For employees whose departments have not provided them with a USU-owned computer, and who are not accessing sensitive information, personal computers may be used in a limited context provided that they are properly secured. This includes, but is not limited to:
- Using a modern, up-to-date, and supported operating system and web browser
- Enabling the local firewall
- Disallowing university data, especially information related to students or employees, from being saved locally to the personal device
- Continuous connection to USU's GlobalProtect VPN when working on official USU business
Departments are responsible for making these requirements known to their staff and faculty to which they may apply. Violations of these requirements may result in an employee no longer being able to access certain USU resources from their personal devices.
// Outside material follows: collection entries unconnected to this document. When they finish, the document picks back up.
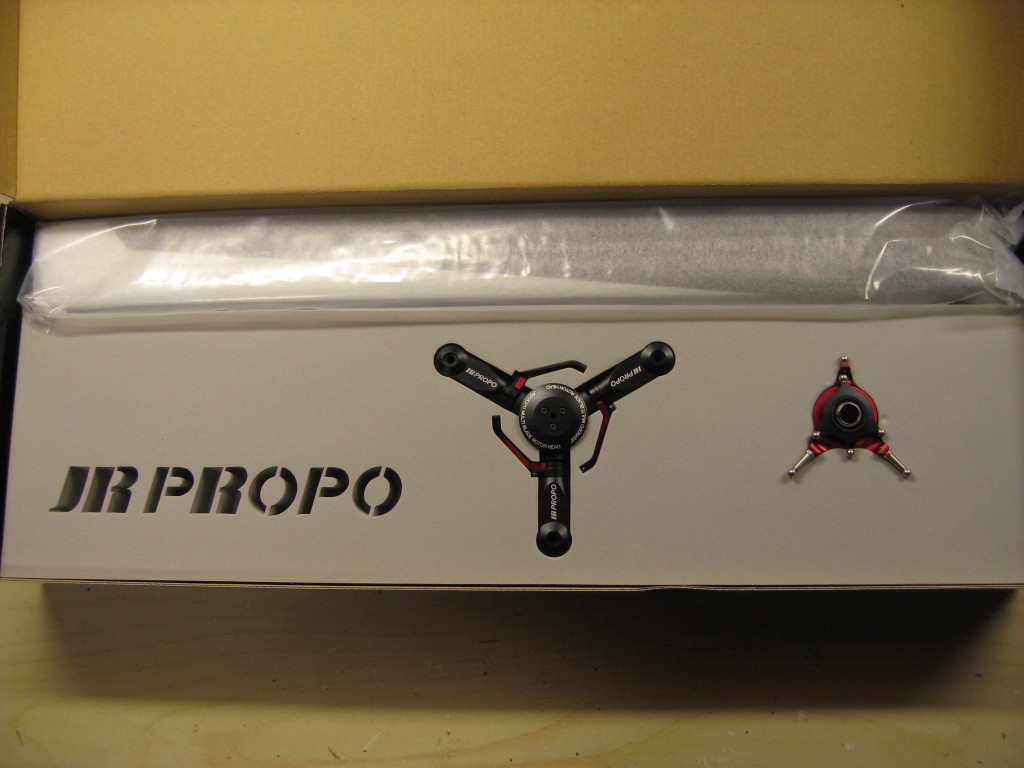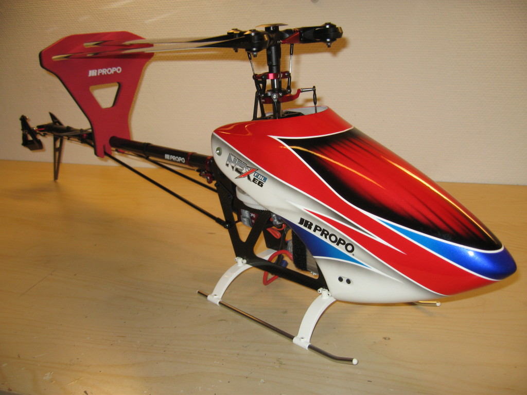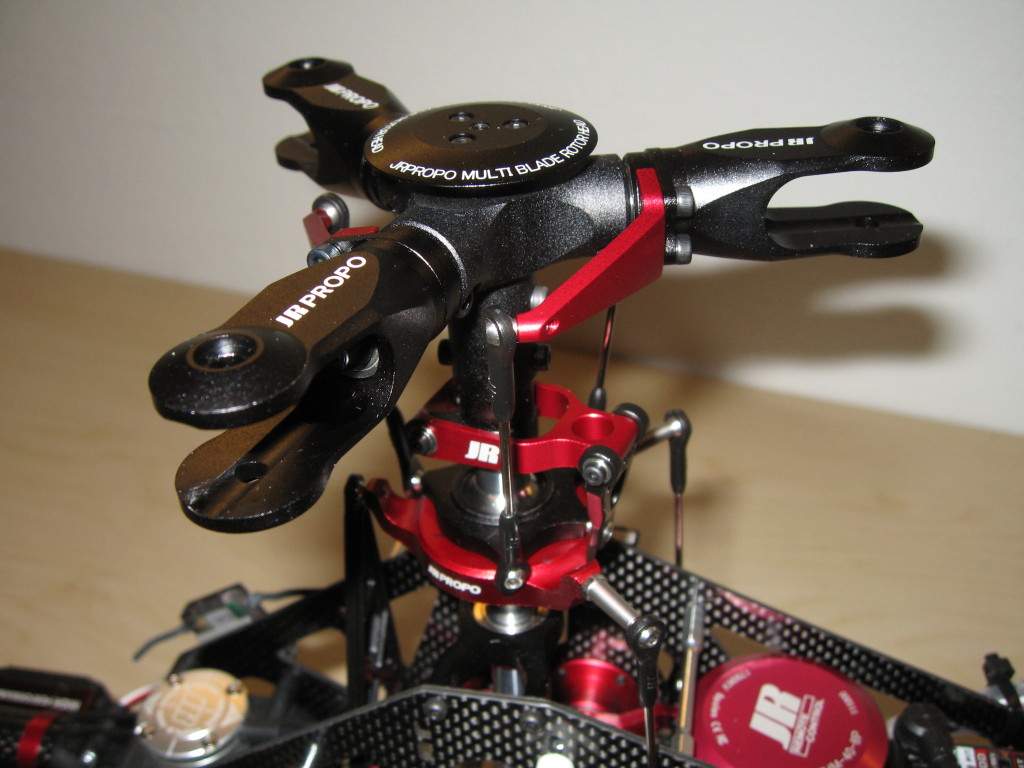 Nå skal denne oppgraderes med JR sitt nye 3-bladers hode. JR har kommet ut med disse 3-bladers hodene for 3D flyging til E12, E8 og E6-550. Det er altså sistnevnte hode jeg skal ha.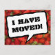 Change of address postcards with strawberry image. Custom move text; We have moved! Add your new address on the back. Modern cute cards for new home or business location.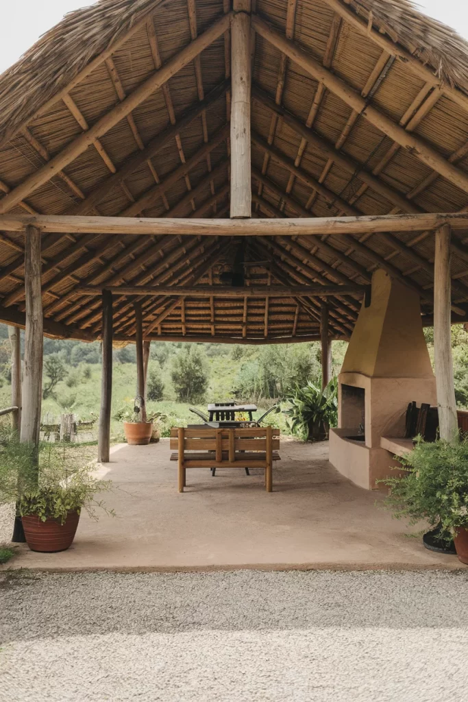 Rustic Thatched Roof Pavilion with Adobe Fireplace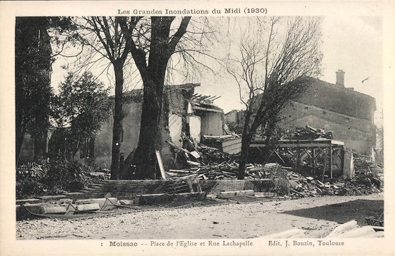 Une inondation des plus cataclysmique s’est abattue sur le Midi de la France et la commune n’est pas épargnée. Si la région est habituée au tumulte du Tarn, cette inondation est qualifiée par les spécialistes de cinq-centennale (qui arrive tous les 500 ans). Cette terrible nuit du 3 mars 1930 inonda 75% de la ville. Elle fit 131 victimes et emporta 1400 maisons. Sur les 7 400 habitants que comptait alors Moissac, 5 896 perdirent leur logis.
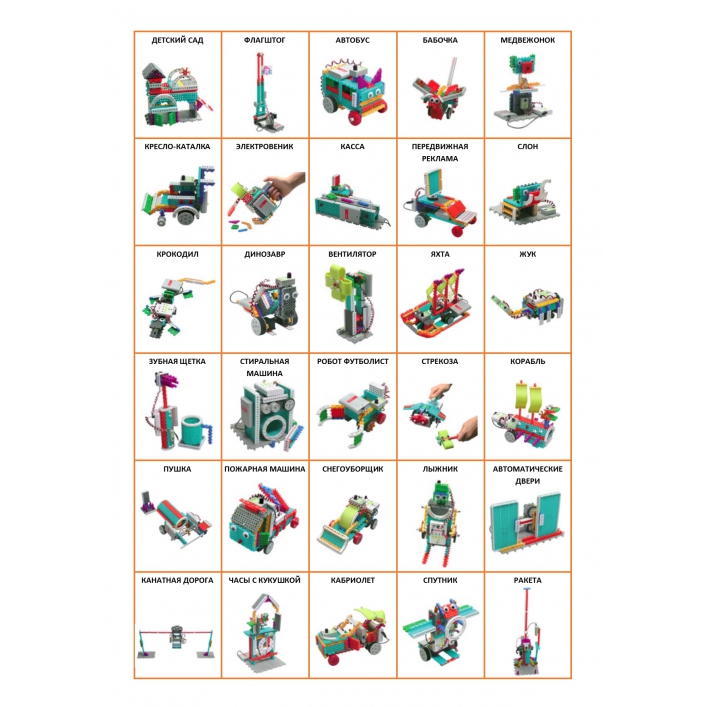 Модели: детский садик, бабочку, Эйфелеву башню. Роботы: робот-флагшток, робот-школьный автобус, робота-мишкв, робот-инвалидное кресло, робот-электровеник, робот-футболист, робот-электрическая зубная щетка, робот-стиральная машина, робот-морская яхта, робот-жук, робот-кассовый аппарат, робот-рекламная машина, робот-слоник, робот-крокодил, робот-динозавр, робот-электровентилятор, робот-стрекоза, робот-корабль, робот-пушка, робот-ветряная мельница, робот-раздвижной мост, робот-самолет, робот-поезд, робот-кабриолет, робот-пожарная машина, робот-снегоуборщик, робот-лыжник, робот-автоматические двери, робот-канатная дорога, робот-часы с кукушкой, робот-космический зонд, робот-спутник-трансформер, робот-космический корабль.

What about ipads and tablets?
At this time university owned ipads and tablets are not required to be enrolled in the device management systems but it is HIGHLY RECOMMEND. These tools give management and security features that you otherwise wouldn't have if they aren't enrolled. Often, if a user signs into their own personal account on those devices, they are locked after that individual leaves the university, blocking access or re-assignment to someone else. (There are boxes of bricked devices at surplus that they can't sell.) There is a $10/year charge for enrolling mobile devices, please have your Desktop support submit the necessary license request on the Software Licensing Store. This costs is covered if you have a support agreement with the IT Service Desk.
What about servers?
While this initiative is primarily focused on USU-owned desktop and laptop computers, it does not exempt the requirement of ensuring that servers are professionally and securely managed. Work directly with your assigned IT support staff to evaluate and investigate options for compliant server administration.
Can we purchase non-standard configurations for computers using approved methods?
YES, Work with IT to find a way to meet needs. We should be able to provide any equipment needed or verify compatibility with our systems.
Is remote login still supported?
Yes, though being connected to the USU VPN first is required. Remote login protocols, especially Windows Remote Desktop Services (RDS), are highly vulnerable to compromise and so should be carefully managed, always patched, and tightly IP address limited at the host service level.